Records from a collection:

========

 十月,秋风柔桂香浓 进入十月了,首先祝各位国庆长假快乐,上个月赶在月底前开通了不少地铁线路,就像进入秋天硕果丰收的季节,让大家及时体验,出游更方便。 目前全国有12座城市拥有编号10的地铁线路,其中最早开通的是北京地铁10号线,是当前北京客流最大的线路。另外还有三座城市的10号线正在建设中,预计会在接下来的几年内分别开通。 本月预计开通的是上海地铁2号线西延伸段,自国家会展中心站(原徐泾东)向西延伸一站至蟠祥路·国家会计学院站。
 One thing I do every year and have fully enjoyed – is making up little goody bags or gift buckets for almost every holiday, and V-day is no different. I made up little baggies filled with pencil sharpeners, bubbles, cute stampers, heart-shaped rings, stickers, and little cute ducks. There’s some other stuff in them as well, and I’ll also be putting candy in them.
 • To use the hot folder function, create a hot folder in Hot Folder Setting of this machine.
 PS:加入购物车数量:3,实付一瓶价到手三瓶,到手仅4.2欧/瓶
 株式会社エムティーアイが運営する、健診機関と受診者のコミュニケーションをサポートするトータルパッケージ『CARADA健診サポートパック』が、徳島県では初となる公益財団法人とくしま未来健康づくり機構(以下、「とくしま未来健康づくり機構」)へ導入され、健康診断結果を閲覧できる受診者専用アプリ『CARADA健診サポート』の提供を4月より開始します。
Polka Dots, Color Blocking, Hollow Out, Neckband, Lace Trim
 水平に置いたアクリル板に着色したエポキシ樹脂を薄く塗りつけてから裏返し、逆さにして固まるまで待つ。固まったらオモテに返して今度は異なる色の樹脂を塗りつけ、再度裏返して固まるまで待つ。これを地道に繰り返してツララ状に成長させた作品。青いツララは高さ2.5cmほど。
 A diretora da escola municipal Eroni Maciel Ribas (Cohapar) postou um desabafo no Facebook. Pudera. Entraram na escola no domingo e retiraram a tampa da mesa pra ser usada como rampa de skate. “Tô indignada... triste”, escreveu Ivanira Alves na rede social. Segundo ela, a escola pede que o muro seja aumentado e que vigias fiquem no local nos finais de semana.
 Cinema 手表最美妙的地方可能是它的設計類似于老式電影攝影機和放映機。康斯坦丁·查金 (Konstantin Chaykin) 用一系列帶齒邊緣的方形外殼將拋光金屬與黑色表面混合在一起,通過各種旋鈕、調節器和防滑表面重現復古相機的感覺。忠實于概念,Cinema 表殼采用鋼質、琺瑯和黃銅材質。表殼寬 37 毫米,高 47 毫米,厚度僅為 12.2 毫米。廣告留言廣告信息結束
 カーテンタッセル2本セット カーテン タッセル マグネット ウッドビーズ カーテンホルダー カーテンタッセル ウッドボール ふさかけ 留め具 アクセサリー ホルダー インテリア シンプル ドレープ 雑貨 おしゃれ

========

**WHAT TO PRODUCE**: Copy out the lines above exactly, beginning at the one that contains "水平に置いたアクリル板に着色" and ending at the one that contains "Cinema 手表最美妙的地方可能是它的設計類似于老式電影攝影機和放映機。康斯坦丁·查金 (Konstantin".

**EXPECTED OUTPUT**:
 水平に置いたアクリル板に着色したエポキシ樹脂を薄く塗りつけてから裏返し、逆さにして固まるまで待つ。固まったらオモテに返して今度は異なる色の樹脂を塗りつけ、再度裏返して固まるまで待つ。これを地道に繰り返してツララ状に成長させた作品。青いツララは高さ2.5cmほど。
 A diretora da escola municipal Eroni Maciel Ribas (Cohapar) postou um desabafo no Facebook. Pudera. Entraram na escola no domingo e retiraram a tampa da mesa pra ser usada como rampa de skate. “Tô indignada... triste”, escreveu Ivanira Alves na rede social. Segundo ela, a escola pede que o muro seja aumentado e que vigias fiquem no local nos finais de semana.
 Cinema 手表最美妙的地方可能是它的設計類似于老式電影攝影機和放映機。康斯坦丁·查金 (Konstantin Chaykin) 用一系列帶齒邊緣的方形外殼將拋光金屬與黑色表面混合在一起,通過各種旋鈕、調節器和防滑表面重現復古相機的感覺。忠實于概念,Cinema 表殼采用鋼質、琺瑯和黃銅材質。表殼寬 37 毫米,高 47 毫米,厚度僅為 12.2 毫米。廣告留言廣告信息結束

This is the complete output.